I came across this example question while studying Binomial Theorem. Here it is :–
If $n$ is any positive integer, show that the integral part of $(3+√7)^n$ is an odd number.
Suppose $I$ to denote the integral and $f$ the fractional part of $(3+√7)^n$.
Then,
$I+f=3^n+C_13^{n-1}√7+C_23^{n-2}7+C_33^{n-3}(√7)^3+........ —(1)$
Now $3-√7$ is positive and less than $1$, therefore $(3-√7)^n$ is a proper fraction; denote it by $f'$;
$f'=3^n-C_13^{n-1}√7+C_23^{n-2}7-C_33^{n-3}(√7)^3+........ —(2)$
Add together (1) and (2); the irrational terms disappear, and we have
$I+f+f'=2(3^n+C_23^{n-2}7+....)=$ an even integer.
But since $f$ and $f'$ are proper fractions their sum must be 1;
I= an odd integer
The only thing I am not able to understand here is-
Why adding any 2 proper fraction gives 1?
Can anyone provide a convincing proof of this?

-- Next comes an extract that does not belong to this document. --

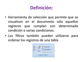 Este documento describe diferentes tipos de filtros que permiten visualizar solo los registros de una tabla que cumplen con ciertas condiciones. Explica filtros por selección para mostrar registros con un dato en común, filtros excluyentes para excluir registros con un dato específico, filtros por formulario que permiten múltiples condiciones, y filtros de orden avanzado para aplicar varios criterios.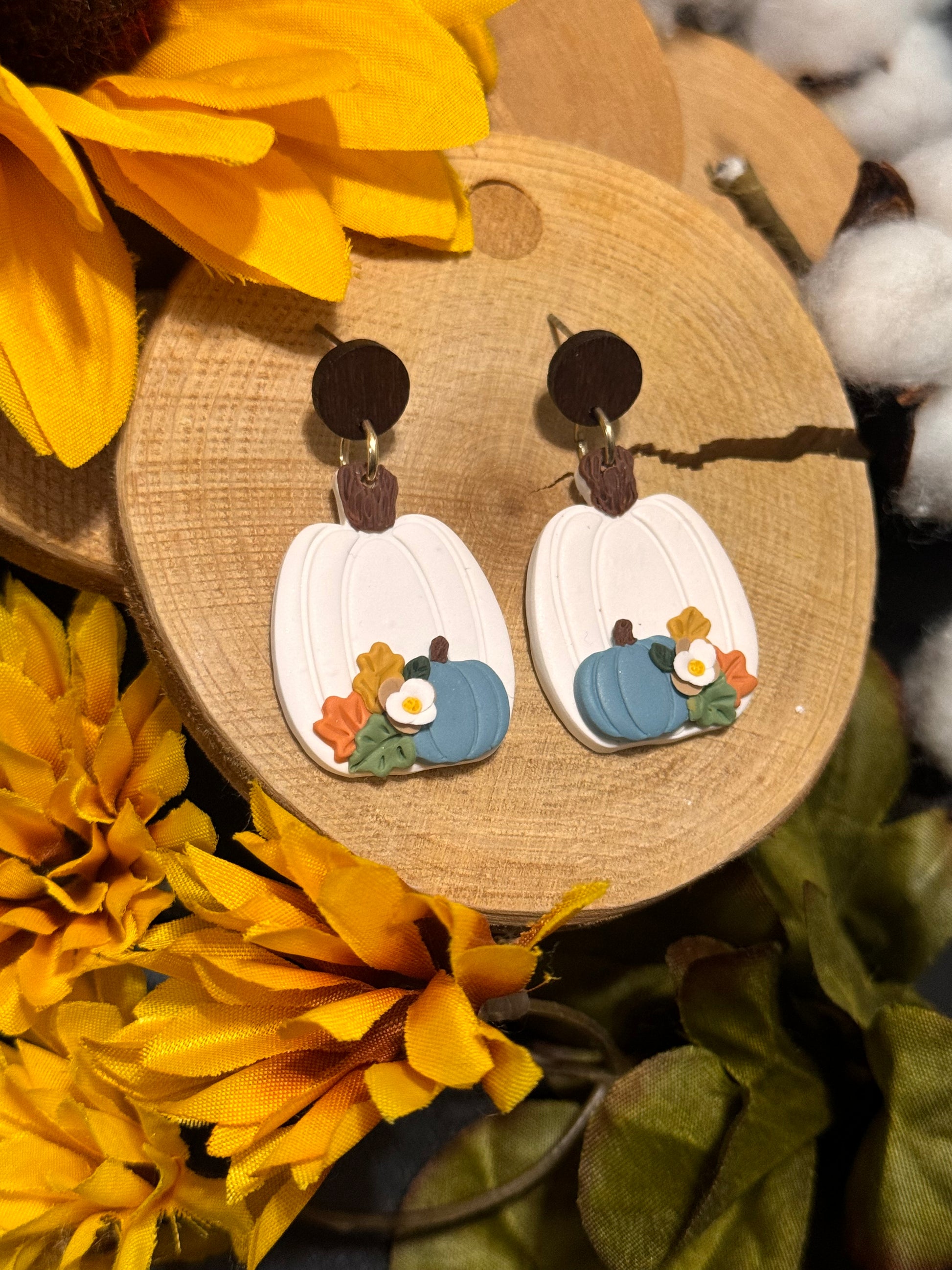 White pumpkin with blue pumpkin and leaves on top! Made with extra love and time π π€

You have $$ I+f+f'= 2k\ ,\ \text{or}\\ f+f'=2k-I $$ where $\ k\ $ and $\ I\ $ are integers, and $\ f, f'\ $ are proper fractions—that is $\ 0<f,f'< 1\ $. Thus, $\ 0<f+f'<2\ $. Therefore, since $\ f+f'\ $ is an integer, and $1$ is the only integer in the interval $\ (0,2)\ $, it follows that $\ f+f'=1\ $.